Rückblick

Fronleichnam in Eching

Bei strahlendem Sonnenschein, so als wollte der Herrgott seinen Gläubigen ein Zeichen schicken, beging die katholische Gemeinde St. Andreas in Eching den Feiertag Fronleichnam. Der Festgottesdienst, der heuer zum ersten Mal unter freiem Himmel auf dem Bürgerhausplatz abgehalten wurde, und die Prozession standen ganz unter dem Motto des Friedenfindens.
Die vom PGR und anderen Helfern aufgebauten Bierbänke waren gut mit Echinger Gläubigen gefüllt, die dem von Orgelklängen begleiteten Gottesdienst beiwohnten.

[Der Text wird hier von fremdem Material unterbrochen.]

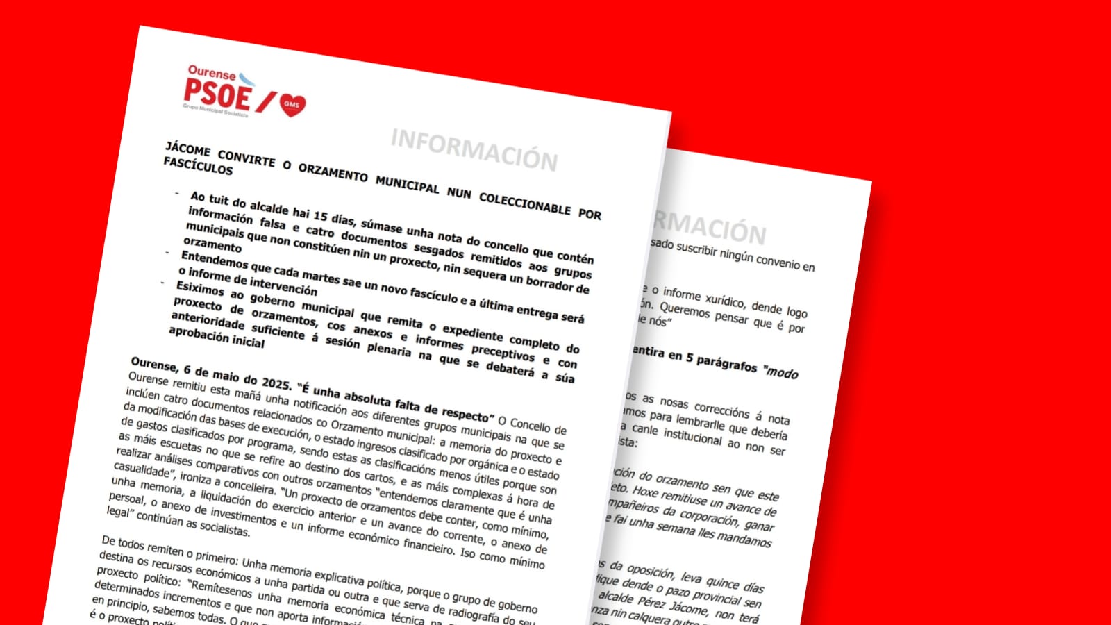 Ourense, 6 de maio do 2025. “É unha absoluta falta de respecto” O Concello de Ourense remitiu esta mañá unha notificación aos diferentes grupos municipais na que se inclúen catro documentos relacionados co Orzamento municipal: a memoria do proxecto e da modificación das bases de execución, o estado ingresos clasificado por orgánica e o estado de gastos clasificados por programa, sendo estas as clasificacións menos útiles porque son as máis escuetas no que se refire ao destino dos cartos, e as máis complexas á hora de realizar análises comparativos con outros orzamentos “entendemos claramente que é unha casualidade”, ironiza a concelleira. “Un proxecto de orzamentos debe conter, como mínimo, unha memoria, a liquidación do exercicio anterior e un avance do corrente, o anexo de persoal, o anexo de investimentos e un informe económico financieiro. Iso como mínimo legal” continúan as socialistas.

Die anschließende Prozession, die musikalisch von der Echinger Blaskapelle St. Andreas begleitet wurde, hatte ihren ersten Halt am Echinger Stachus. Hier hatte der Frauenbund den Altar gestaltet, der vor allem in Grün und Gold gehalten war. Darauf waren die christlichen Symbole Alpha und Omega, die Flammen und das Kreuz auf blauem Grund zu sehen. Auch hatten die Vertreterinnen die Fürbitten vorbereitet, in

denen sie nicht nur um Frieden in der Ukraine baten, sondern auch die Echinger Gemeinde einschlossen. Gleich zu Beginn der Prozession hatten Lektoren und Gemeinde den Friedensgedanken aufgegriffen und darum gebetet, dass jeder als „Werkzeug des Friedens“ in seinem Umfeld etwas bewirken kann.
Weiter führte der Weg die Bahnhofstraße entlang, wobei ein Ministrant seine Gedanken zum Krieg in der Ukraine in einem bewegenden und nachdenklich stimmenden Gebet kundtat. Weiter verlasen auch neue, junge Lektoren diverse Texte, die in den Köpfen und Seelen der Prozessionsteilnehmer/innen nachhallten. So wurden die täglichen Herausforderungen unseres Lebens, aber auch der Dank für die Schöpfung und unsere Sorge um die Schöpfung in Gebeten vor Gott gebracht. Zum Nachdenken regte zum Ende der Prozession ein meditativer Text über die Wege, die vor und hinter uns liegen, an. Der zweite Altar, von der Pfarrjugend gestaltet, befand sich in der Ostpreußenstraße. Hierbei handelte es sich um ein großes Schachfeld: In den Fürbitten wurde deutlich, dass wir oft vor Entscheidungen und Herausforderungen stehen und wir dabei unterschiedliche Wege gehen können – ähnlich den Schachfiguren auf dem Schachfeld.
Auf dem Friedhof von Neu-Andreas konnte der opulent mit Fahnen und Blumen geschmückte dritte Altar von den Landfrauen bewundert werden. Dieser stellte das Herz Jesu dar. Den Abschluss bildete der Altar auf dem Bürgerhausplatz, wo die Fürbitten des PGR alle Mitglieder der Gemeinde einschlossen, Alt und Jung, Familien, Kranke und alle die ihr Glück in Eching suchen oder schon gefunden haben.
Im Anschluss an die liturgischen Feierlichkeiten verteilte der PGR, unterstützt von Jugendlichen der Pfarrei, Brezen und Getränke. Hierbei entstanden anregende und angeregte Gespräche und es wurde viel gelacht. Dieses Zusammenkommen tat den Menschen sichtlich gut. Trotz der etwas höheren Temperaturen teilten viele Echinger mit, dass sie sehr angetan von dem gelungenen Gottesdienst mit anschließendem Zusammensein, waren. Ein herzliches „Vergelt´s Gott“, an alle Helfer/innen im Vorder- oder Hintergrund, die zum Gelingen der Veranstaltung beigetragen haben. Ein besonderer Dank gilt unserem Mesner, der schon vor Sonnenaufgang den Altar am Bürgerhaus aufgebaut und geschmückt hat.